Haymitch Abernathy and Steve Schmidt both endeavor to get the world at large to “buy into” their respective mentees. But, again, one is a power grab with potentially disastrous consequences and the other a bid for survival. The interesting part of these paradoxically perpendicular and parallel storylines is that the mistakes the McCain campaign made by choosing to focus on and nourish division, greed and shallow presentation rather than substance when they selected and groomed Palin is precisely what the Collins series (in part) warns could lead to our peril.

Now, we do not literally equate the 2008 Republican primary to a grotesque teenage bloodbath, but metaphorically, perhaps. As “Game Change” depicts it, the McCain campaign became so focused on winning that it lost track of its true value and what it is everyone involved were trying to accomplish. Unusual in politics? Clearly not.

But Harrelson’s Schmidt backs a woman he knows could mean the ruin of the nation he loves in order to do so. He attempts to craft her into a shiny package the citizenry will happily purchase despite its lack of true nourishment. She is a distraction, a glittering toy dangled before children who seemingly fail to see that their own good is being disregarded.

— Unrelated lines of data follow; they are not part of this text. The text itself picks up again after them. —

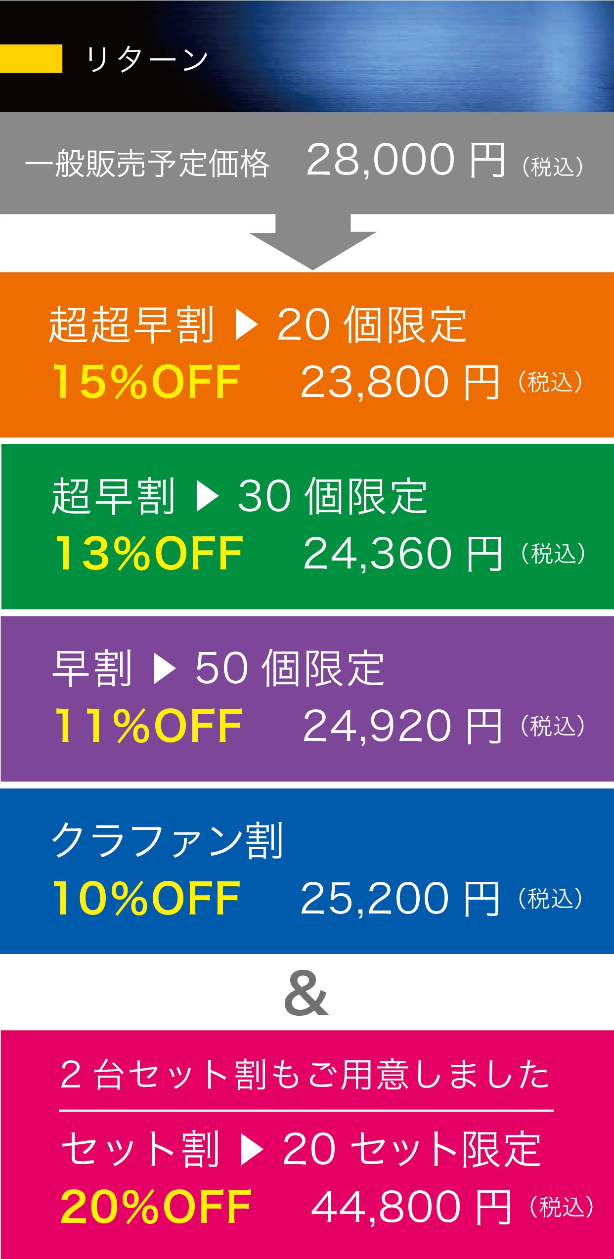 ※本プロジェクトを通して想定を上回る皆様からご支援を頂き、現在進めている環境から量産体制を更に整えることができた場合、正規販売価格が販売予定価格より下がる可能性もございます。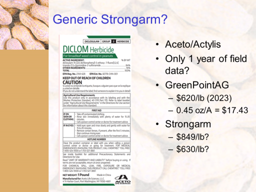 Generic Strongarm?<BR>Aceto/Actylis <BR>Only 1 year of field  data? <BR>GreenPointAG <BR>$620/lb (2023) <BR>0.45 oz/A = $17.43 <BR>Strongarm <BR>$849/lb? <BR>$630/lb? 	<BR>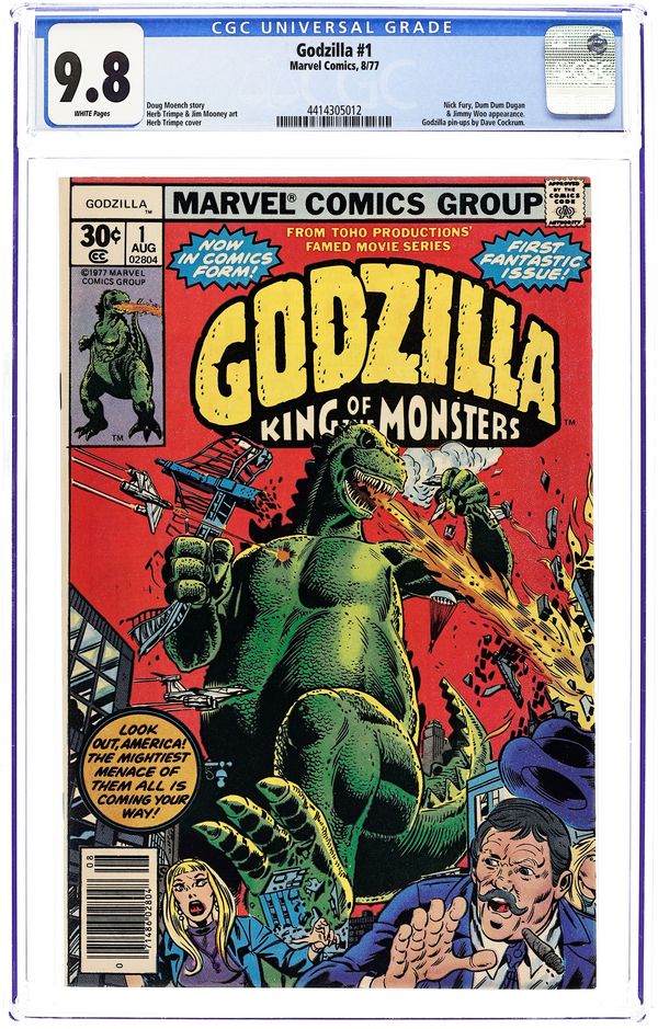 "The Coming!" Guest-starring Nick Fury and S.H.I.E.L.D. Story by Doug Moench. Art by Herb Trimpe and Jim Mooney. The slumbering leviathan known as Godzilla has awaken and rises out of the sea off the shores of Alaska. This reptilian titan has already left Japan devastated and now has made his way to America. With a tail that can smash mountains to dust and fiery breath born out of the Atomic Age, is there anything that can stop this monster's rampage? Right from the Toho Productions' famed movie series comes Godzilla, King of the Monsters. Cover price $0.30.

Harreslon's Haymitch Abernathy is forced to shape a young girl of unusual substance and little artifice into an image that a fat, self-centered, shallow populace that has become blind to even the basic tenants of moral integrity can "root for" in a sick approximation of "reality TV." He does so because he knows, whether she is aware of it or not, that Katniss can be a beacon to the many who suffer greatly at the hands of the few. Where Katniss is an unwilling symbol who would rather live an actual life, Palin was "the best actress in politics," a woman who (in this rendering) revered fame for fame's sake and had little interest in the true business at hand: serving the people.

Palin's toxic narcissism is dangerous to those who would allow her to govern them while Katniss’s unflinching honesty makes her a reluctant but worthy leader. But in each case, it is the populace’s poisoned value system and obsession with the shallow veil of contrived "personalities," sensation and flash that leads to their ultimate decline.

Perhaps Harrelson - quite the socio-politically-minded individual - consciously meant to point to a gaping cultural wound when he took on these respective roles. Perhaps not. But for some of us, that’s just what he did.